The Senate Finance Committee on Tuesday voted 8–2 to advance a committee substitute for Senate Bill 119, a proposal to create a state bioscience investment fund intended to attract startups and grow high‑paying biotech jobs across New Mexico.
Senator (sponsor) Tim Hickey introduced the bill, explaining the substitute changed several provisions after review by the judiciary committee. The substitute replaces an “average” wage requirement with a median measure (raising the stated target to $104,000 from $60,000), adds bankruptcy‑response language aligned to New Mexico law, requires milestones before disbursing funds and narrows some advisory roles, among other changes. Hickey said the changes respond to concerns the governor previously raised when she pocket‑vetoed an earlier version.
Supporters from the biotech and business communities urged passage. JD Bullington of the Greater Albuquerque Chamber of Commerce said the bill would help New Mexico “gain a larger share of the very lucrative bioscience industry with good high paying jobs,” and Alex Coughlan of the Bioscience Authority said the fund could support six to seven startups per round and “immediately affect 60 to a 100 jobs.” Paul Lauer and Stephanie Tofigy from the Bioscience Authority described the program as statewide and said the authority works with universities and national labs to build an ecosystem beyond Albuquerque.

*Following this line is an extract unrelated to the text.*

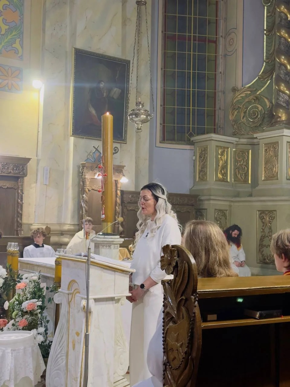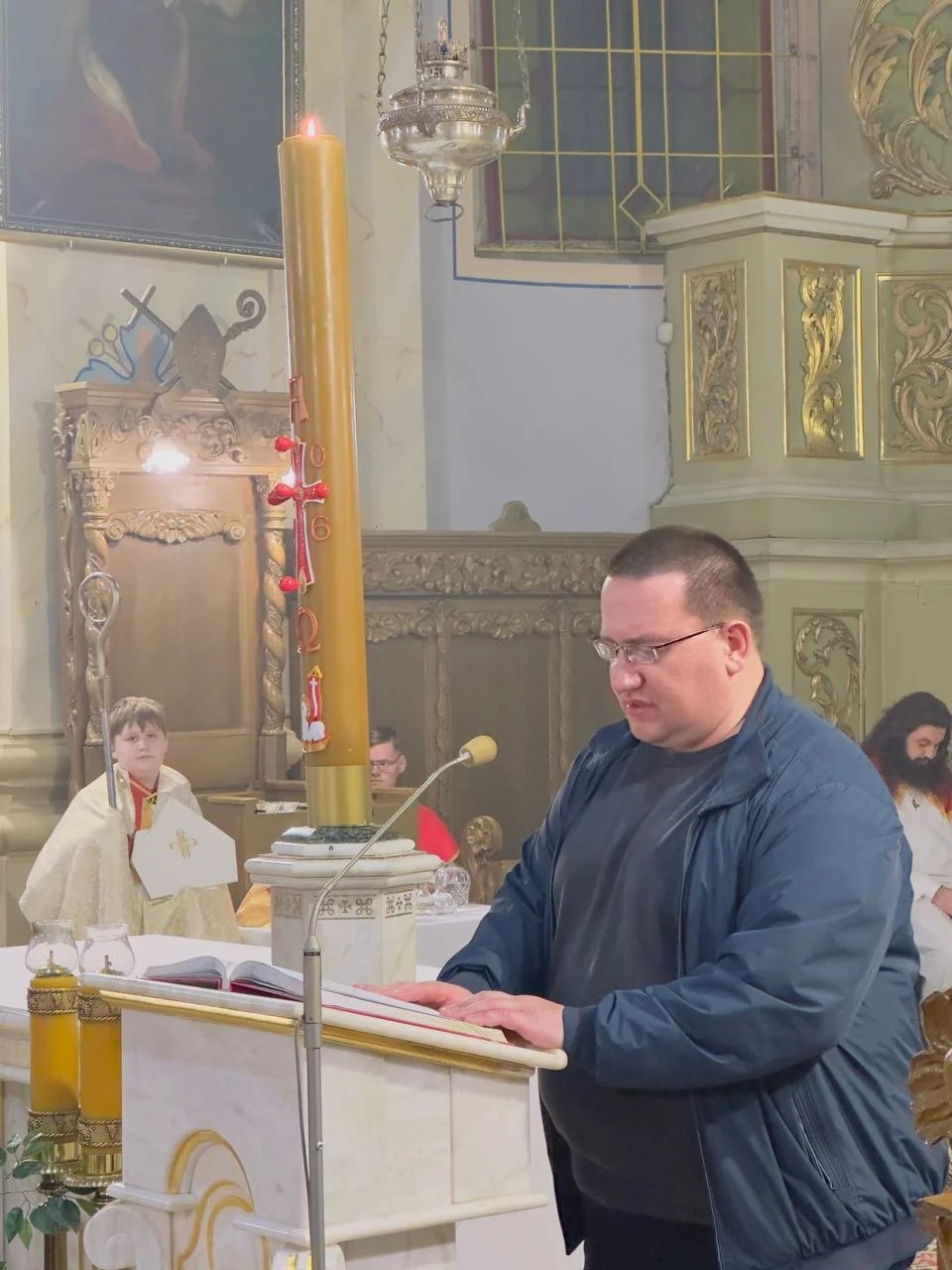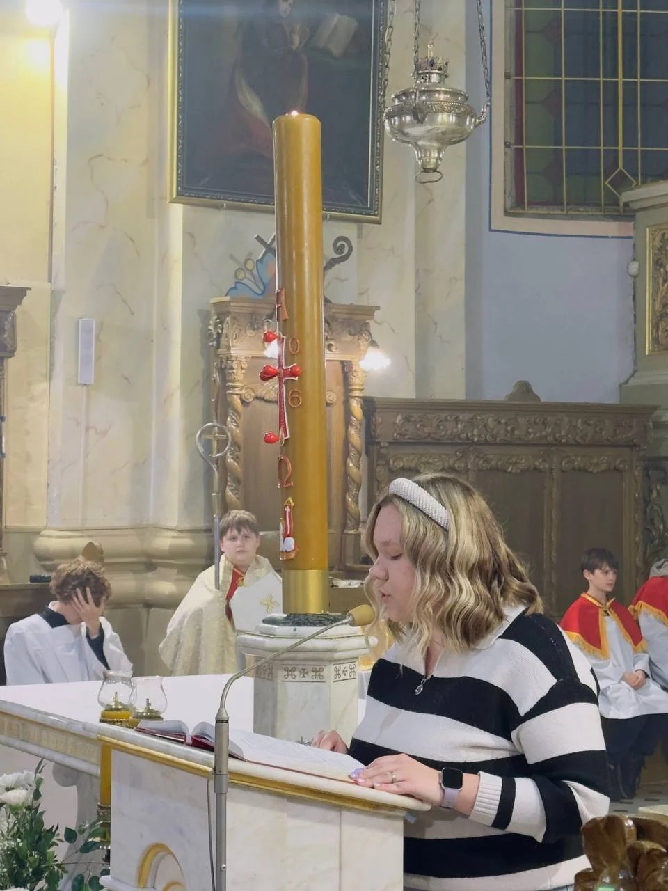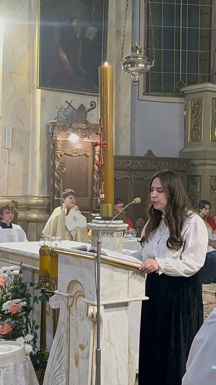 Традыцыйна літургія распачалася з асвячэння пасхальнага агню і запальвання свечак. Першай біскуп запаліў асвечаным агнём вялікую свечку — пасхал — сімвал Уваскрослага Хрыста. Ад яго са спевам «Хрыстус Уваскрос!» вернікі запалілі свае свечкі, пры якіх пазней адбыўся абрад аднаўлення абяцанняў, дадзеных Богу кожным вернікам падчас прыняцця сакрамэнту хросту.

Committee members asked whether existing programs—such as the state investment council (SIC), Local Economic Development Act (LIDA/LITA) funds or other state vehicles—could achieve similar goals. Proponents said LIDA’s requirements (including bond or clawback provisions) can be prohibitive for early‑stage startups and argued this fund would be targeted to early companies that cannot meet LIDA terms.
Several senators urged stronger conflict‑of‑interest language and clearer definitions for the bill’s “co‑investing organization” term; Senator Steinborn recommended adding family members to conflict rules and defining co‑investors to limit ambiguity. Proponents said the substitute includes prohibitions on board members participating in investments involving their own companies and provides a misdemeanor penalty for violations.
The committee approved the substitute for floor debate. The sponsor moved a “do not pass” on the original and a “do pass” on the committee substitute; the committee recorded a do‑pass recommendation on the substitute with an 8–2 vote.